======== DATA SUPPLIED

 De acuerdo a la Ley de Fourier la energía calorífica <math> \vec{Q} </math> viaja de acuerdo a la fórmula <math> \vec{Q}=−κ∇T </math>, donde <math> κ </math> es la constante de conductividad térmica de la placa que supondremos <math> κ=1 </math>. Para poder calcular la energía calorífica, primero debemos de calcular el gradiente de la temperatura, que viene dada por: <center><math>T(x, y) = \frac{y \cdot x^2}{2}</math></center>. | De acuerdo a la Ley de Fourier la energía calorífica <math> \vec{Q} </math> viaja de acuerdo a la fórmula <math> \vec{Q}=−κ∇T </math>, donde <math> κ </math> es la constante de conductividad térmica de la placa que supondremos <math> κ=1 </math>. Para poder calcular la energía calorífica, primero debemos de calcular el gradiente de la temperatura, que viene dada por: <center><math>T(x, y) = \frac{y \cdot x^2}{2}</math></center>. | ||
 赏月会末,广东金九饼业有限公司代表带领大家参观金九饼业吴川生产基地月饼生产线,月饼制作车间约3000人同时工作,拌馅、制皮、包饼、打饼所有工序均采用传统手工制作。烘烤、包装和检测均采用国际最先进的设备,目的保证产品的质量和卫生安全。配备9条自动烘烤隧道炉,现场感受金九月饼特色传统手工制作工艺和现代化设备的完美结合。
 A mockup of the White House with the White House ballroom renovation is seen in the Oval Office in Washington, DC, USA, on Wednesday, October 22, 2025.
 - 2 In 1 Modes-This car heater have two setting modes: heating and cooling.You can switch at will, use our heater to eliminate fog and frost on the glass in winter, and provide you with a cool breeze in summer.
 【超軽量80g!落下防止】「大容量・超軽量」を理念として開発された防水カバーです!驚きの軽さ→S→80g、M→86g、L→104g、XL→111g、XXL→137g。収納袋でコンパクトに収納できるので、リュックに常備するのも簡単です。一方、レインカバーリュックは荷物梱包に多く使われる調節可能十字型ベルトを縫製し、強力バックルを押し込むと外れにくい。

================

ABOUT THIS EXERCISE: Each line must be set down again exactly as above, with no line omitted.

YOUR RESPONSE:
 De acuerdo a la Ley de Fourier la energía calorífica <math> \vec{Q} </math> viaja de acuerdo a la fórmula <math> \vec{Q}=−κ∇T </math>, donde <math> κ </math> es la constante de conductividad térmica de la placa que supondremos <math> κ=1 </math>. Para poder calcular la energía calorífica, primero debemos de calcular el gradiente de la temperatura, que viene dada por: <center><math>T(x, y) = \frac{y \cdot x^2}{2}</math></center>. | De acuerdo a la Ley de Fourier la energía calorífica <math> \vec{Q} </math> viaja de acuerdo a la fórmula <math> \vec{Q}=−κ∇T </math>, donde <math> κ </math> es la constante de conductividad térmica de la placa que supondremos <math> κ=1 </math>. Para poder calcular la energía calorífica, primero debemos de calcular el gradiente de la temperatura, que viene dada por: <center><math>T(x, y) = \frac{y \cdot x^2}{2}</math></center>. | ||
 赏月会末,广东金九饼业有限公司代表带领大家参观金九饼业吴川生产基地月饼生产线,月饼制作车间约3000人同时工作,拌馅、制皮、包饼、打饼所有工序均采用传统手工制作。烘烤、包装和检测均采用国际最先进的设备,目的保证产品的质量和卫生安全。配备9条自动烘烤隧道炉,现场感受金九月饼特色传统手工制作工艺和现代化设备的完美结合。
 A mockup of the White House with the White House ballroom renovation is seen in the Oval Office in Washington, DC, USA, on Wednesday, October 22, 2025.
 - 2 In 1 Modes-This car heater have two setting modes: heating and cooling.You can switch at will, use our heater to eliminate fog and frost on the glass in winter, and provide you with a cool breeze in summer.
 【超軽量80g!落下防止】「大容量・超軽量」を理念として開発された防水カバーです!驚きの軽さ→S→80g、M→86g、L→104g、XL→111g、XXL→137g。収納袋でコンパクトに収納できるので、リュックに常備するのも簡単です。一方、レインカバーリュックは荷物梱包に多く使われる調節可能十字型ベルトを縫製し、強力バックルを押し込むと外れにくい。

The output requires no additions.